(Exercise instructions): Give the data again exactly as written, skipping any pictures.

(Source material):
——

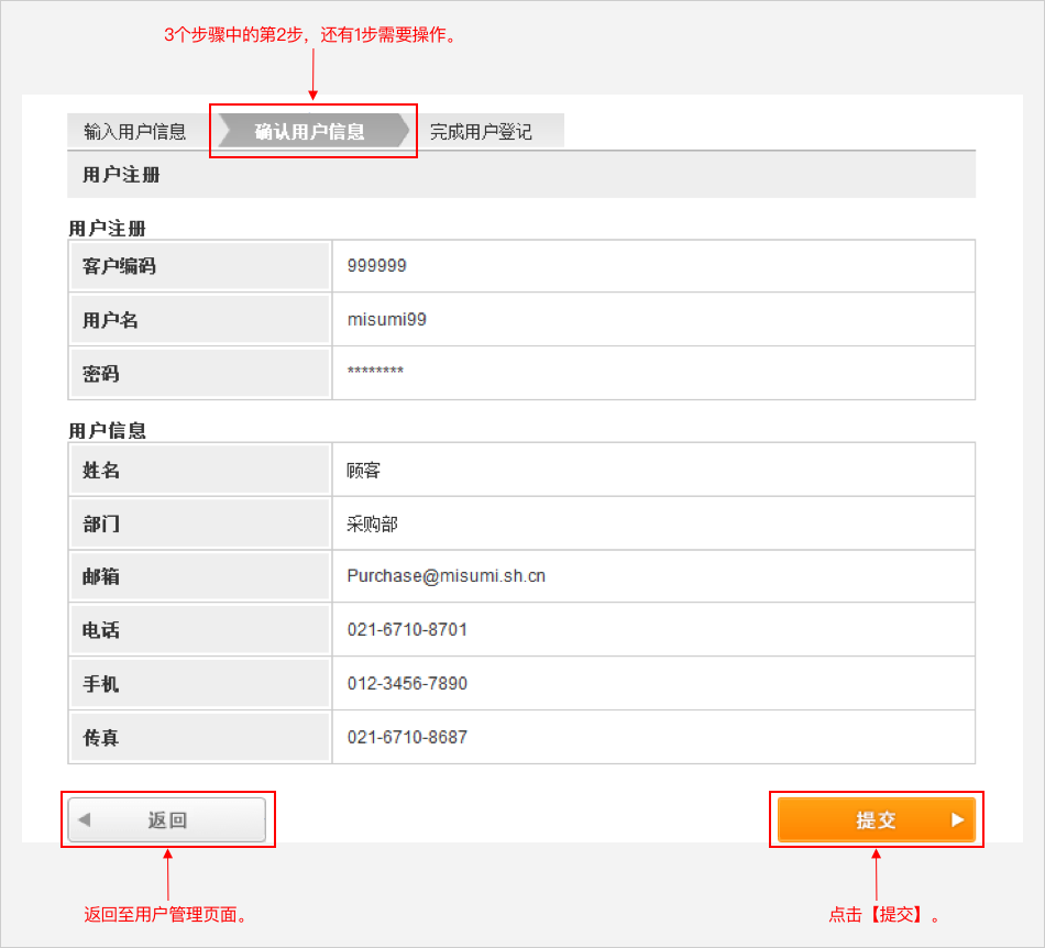 请确认页面上的内容。如还需修正请点击【返回】。
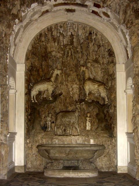 In un angolo appartato del giardino l’edificio imita un ambiente sotterraneo e naturale ma è invece posto fuori terra e completamente costruito. Cosimo I è celebrato attraverso l’iconografia imperniata sul segno zodiacale del Capricorno, scelto dal Duca, poi Granduca, a rappresentarlo in quanto simbolo di chi ama raggiungere con lentezza e caparbietà (“festina lente”) le vette più ambite. Cosimo voleva così collegarsi idealmente con i potenti del suo presente e del passato che erano nati sotto quella stella come l’imperatore Carlo V o Cesare Augusto, fondatore dell'impero romano.
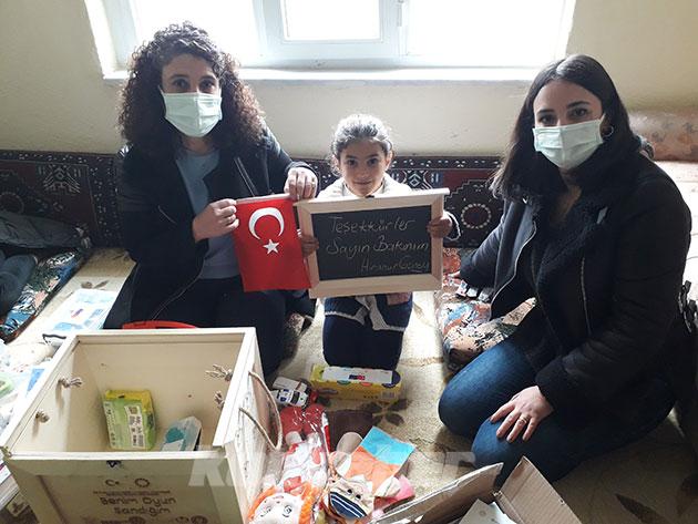 Kırsal mahallelerde yaşayan toplamda 15 çocuğa oyun sandığı setleri İlçe Milli Eğitim Müdürlüğü tarafından oluşturulan ve komisyonda yer alan öğretmenler tarafından ulaştırıldı.
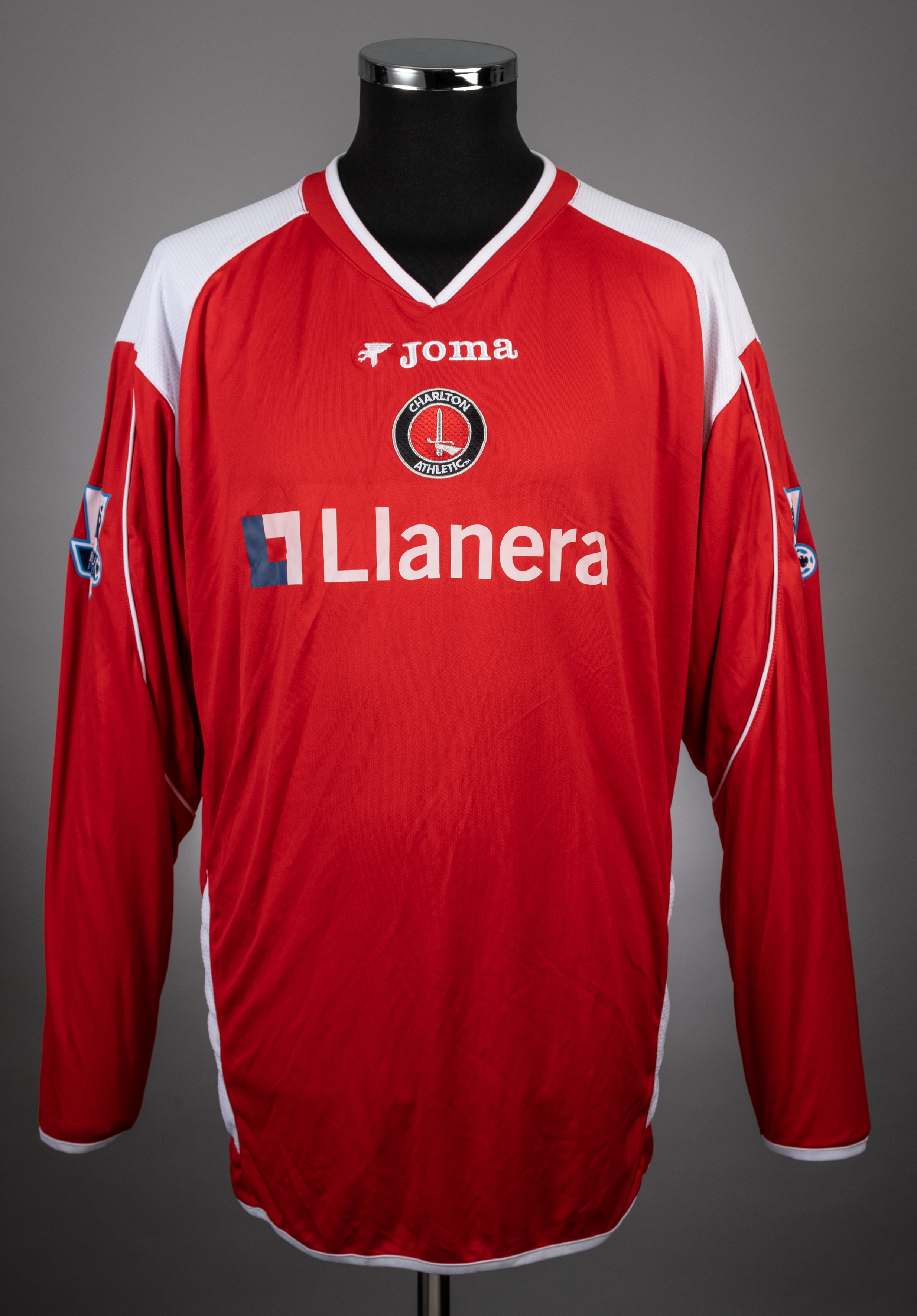 Jimmy Floyd Hasselbaink red and white No.18 Charlton Athletic long-sleeved jersey, 2006-07, Joma, L, with crew-neck collar and embroidered badge ins

——

(Response to the task):
 请确认页面上的内容。如还需修正请点击【返回】。
 In un angolo appartato del giardino l’edificio imita un ambiente sotterraneo e naturale ma è invece posto fuori terra e completamente costruito. Cosimo I è celebrato attraverso l’iconografia imperniata sul segno zodiacale del Capricorno, scelto dal Duca, poi Granduca, a rappresentarlo in quanto simbolo di chi ama raggiungere con lentezza e caparbietà (“festina lente”) le vette più ambite. Cosimo voleva così collegarsi idealmente con i potenti del suo presente e del passato che erano nati sotto quella stella come l’imperatore Carlo V o Cesare Augusto, fondatore dell'impero romano.
 Kırsal mahallelerde yaşayan toplamda 15 çocuğa oyun sandığı setleri İlçe Milli Eğitim Müdürlüğü tarafından oluşturulan ve komisyonda yer alan öğretmenler tarafından ulaştırıldı.
 Jimmy Floyd Hasselbaink red and white No.18 Charlton Athletic long-sleeved jersey, 2006-07, Joma, L, with crew-neck collar and embroidered badge ins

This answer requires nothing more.